Ghost Story
Panama City? Panama City, Florida? What was he doing there? And with that strange passive girl he had taken with him? Whom he had spirited down through the South?
He had always been the “erratic one,” the “troubled one,” the foil to David’s strength, in the economy of family life his poverty the foil to David’s success; his ambitions and pretensions (“You actually think you can support yourself as a novelist? Even your uncle wasn’t that dumb”: his father) the contrast to David’s hard-working good sense, to David’s steady progress through law school and into a good law firm. And when David had bumped into the daily stuff of his life, it had killed him.
That was the worst thing that had ever happened to him. Until last winter: until Milburn.
The shabby street seemed to open like a grave. He felt as if one more step toward the bottom of the hill and the sleazy movie theaters would take him down, down, as if it would never stop but turn into an endless falling. Something which had not been there before appeared before him, and he squinted to see it more clearly.
Breathlessly he turned around in the piercing sunlight. His elbow caught someone’s chest, and he heard himself murmuring sorry, sorry to an irritated woman in a white sunhat. He unconsciously began to move quickly back up the street. Back there, looking down to the intersection at the bottom of the hill, he had momentarily seen his brother’s tombstone: it had been small, of purple marble, the words David Webster Wanderley, 1939–1975 carved into it, sitting in the middle of the intersection. He fled.
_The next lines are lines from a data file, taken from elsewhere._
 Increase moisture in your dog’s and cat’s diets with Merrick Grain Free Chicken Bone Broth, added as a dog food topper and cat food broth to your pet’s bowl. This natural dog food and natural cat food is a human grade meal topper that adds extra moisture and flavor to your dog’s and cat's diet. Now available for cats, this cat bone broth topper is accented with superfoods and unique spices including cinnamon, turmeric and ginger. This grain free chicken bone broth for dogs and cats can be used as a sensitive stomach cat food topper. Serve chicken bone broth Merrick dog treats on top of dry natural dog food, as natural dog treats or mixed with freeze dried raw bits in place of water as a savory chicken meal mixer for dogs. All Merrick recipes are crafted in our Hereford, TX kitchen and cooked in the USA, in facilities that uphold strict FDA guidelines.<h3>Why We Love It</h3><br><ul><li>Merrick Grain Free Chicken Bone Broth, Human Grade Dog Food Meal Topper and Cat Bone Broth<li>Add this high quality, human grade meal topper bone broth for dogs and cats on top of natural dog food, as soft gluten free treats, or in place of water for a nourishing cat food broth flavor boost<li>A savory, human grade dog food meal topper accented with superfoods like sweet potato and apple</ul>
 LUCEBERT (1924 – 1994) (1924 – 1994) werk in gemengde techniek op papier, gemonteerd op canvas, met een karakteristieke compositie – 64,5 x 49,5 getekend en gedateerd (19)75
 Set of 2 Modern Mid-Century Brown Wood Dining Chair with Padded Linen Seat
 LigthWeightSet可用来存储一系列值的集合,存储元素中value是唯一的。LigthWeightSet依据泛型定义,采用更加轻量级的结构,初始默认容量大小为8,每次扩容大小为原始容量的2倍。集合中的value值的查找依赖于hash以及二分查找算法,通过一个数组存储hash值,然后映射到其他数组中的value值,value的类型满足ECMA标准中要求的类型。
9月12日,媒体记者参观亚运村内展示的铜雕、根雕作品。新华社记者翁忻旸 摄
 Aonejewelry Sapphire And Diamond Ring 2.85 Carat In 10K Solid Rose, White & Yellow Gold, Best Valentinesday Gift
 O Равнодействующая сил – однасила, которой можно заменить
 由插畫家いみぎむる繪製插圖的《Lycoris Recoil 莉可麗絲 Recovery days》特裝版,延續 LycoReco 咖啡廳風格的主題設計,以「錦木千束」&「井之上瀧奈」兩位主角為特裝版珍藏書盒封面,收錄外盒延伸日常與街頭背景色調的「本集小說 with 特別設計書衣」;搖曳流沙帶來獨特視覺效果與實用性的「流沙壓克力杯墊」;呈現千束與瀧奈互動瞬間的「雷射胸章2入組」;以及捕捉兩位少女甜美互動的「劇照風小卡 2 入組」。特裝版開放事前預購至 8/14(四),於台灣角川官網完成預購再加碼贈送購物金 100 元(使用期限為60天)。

Yes, he had seen David’s tombstone, but David had none. He had been cremated in Holland, and his ashes flown back to their mother. David’s tombstone, yes, with David’s name, but what sent him rushing back up the hill was the feeling that it was for him. And that if he were to kneel in the middle of the intersection and dig up the coffin, within it he would find his own putrefying body.
He turned into the only cool, welcoming place he had seen, the hotel lobby. He had to sit down, to calm himself; beneath the disinterested regard of a desk clerk and a girl behind a magazine counter, he sank down onto a sofa. His face was clammy. The fabric of the sofa’s upholstery rubbed uncomfortably into his back; he leaned forward, ran his fingers through his hair, looked at his watch. He had to appear normal, as if he were just waiting for someone; he had to stop trembling. Potted palm trees had been placed here and there about the lobby. A fan whirled overhead. A thin old man in a purple uniform stood by an open elevator and stared at him: caught, he looked away.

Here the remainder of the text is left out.